Test Auto-Build Widget Step

Use the scaffolder output to smoke-test a widget inside the ska-octopus-frontend dashboard. The steps below create a trivial TestWidget, wire it into the dashboard with a path alias, and highlight the IIFE alternative provided in vite.config.ts.

Requirements

  • ska-octopus-build-widgets cloned locally with dependencies installed.

  • ska-octopus-frontend checked out alongside your widget workspaces.

  • A directory (for example ~/octopus-widgets/) where the generated widget sources will live.

Note

The instructions assume both repositories sit under the same parent folder, so the relative path ../octopus-widgets/test-widget resolves from the frontend project. Adjust the path if your layout differs.

1. Generate a Sample Widget

Create a minimal widget that exercises the scaffolder end-to-end. The UI (shown below) and CLI example both use a concrete GraphQL query so the generated code matches the screenshot: it fetches a jsonApi record by myID and prints userId, id, title, and completed fields.
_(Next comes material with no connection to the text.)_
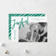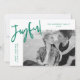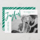 Envíe alegría a amigos y familiares con una tarjeta de vacaciones Simplemente alegre de Late Bloom Paperie! La moderna tarjeta navideña presenta "Joyful" en un guión verde de brocha con letras a mano. Personalice la parte delantera de la tarjeta agregando su foto, saludo personalizado, nombre de familia y el año. La tarjeta se invierte para mostrar un patrón de rayas diagonales verde y blanco.

Placeholder for the Octopus widget builder user interface

UI overview screenshot

or by command line:

poetry run python octopus_widget_scaffolder.py \
  --name TestWidget \
  --kind mix \
  --ops-json '[
    {
      "type": "polling",
      "gql": "query TestWidget($myID: ID!) { jsonApi(myID: $myID) { userId id title completed } }",
      "vars": {
        "MY_ID": {
          "default": "1",
          "type": "ID!"
        }
      }
    }
  ]' \
  --app-id 99999

When the command finishes, copy the generated sources somewhere your frontend can import from:

cp -R output/ska-octopus-test-widget-widget ~/octopus-widgets/test-widget

2. Add a Path Alias for Local Source Imports

Open ska-octopus-frontend/vite.config.ts and append the alias inside the resolve.alias section.

"@ska-octopus-widgets/test-widget-widget": path.resolve(
  __dirname,
  "../octopus-widgets/test-widget/src"
),

This tells Vite to import the widget straight from your local source tree, avoiding the need to publish a package.

3. Import the Widget in the Dashboard

In ska-octopus-frontend/src/dashboard.ts, add the module import so the widget registers itself with the runtime registry.

import "@ska-octopus-widgets/test-widget-widget";

The dashboard scripts automatically pick up every widget that calls Octopus.registerWidget, so no further wiring is necessary.

4. Run the Frontend

From the ska-octopus-frontend directory, start the dev server and verify the widget appears in the widget picker.

npm install
npm run dev

Rebuild the widget (for example npm run build inside the widget directory) whenever you change its source. Because the alias points at src/, changes are reflected immediately without a rebuild.

Alternative: Use the IIFE Loader

If you prefer testing the production bundle, use the LOCAL_IIFE helper inside vite.config.ts instead of a source alias:

  1. Build the widget with npm run build so dist/index.iife.js exists.

  2. Map the package name in LOCAL_IIFE, for example:

    'test-widget-widget': path.resolve(
      __dirname,
      '../octopus-widgets/test-widget/dist/index.iife.js'
    ),
    
  3. Enable the loader (keep the module import in dashboard.ts).

The dev server then serves the bundle at /iife/<package-name>, mimicking how the widget would load when published to npm.

Tip

Remember to remove temporary aliases or IIFE mappings before committing unless they are meant to live in the repository.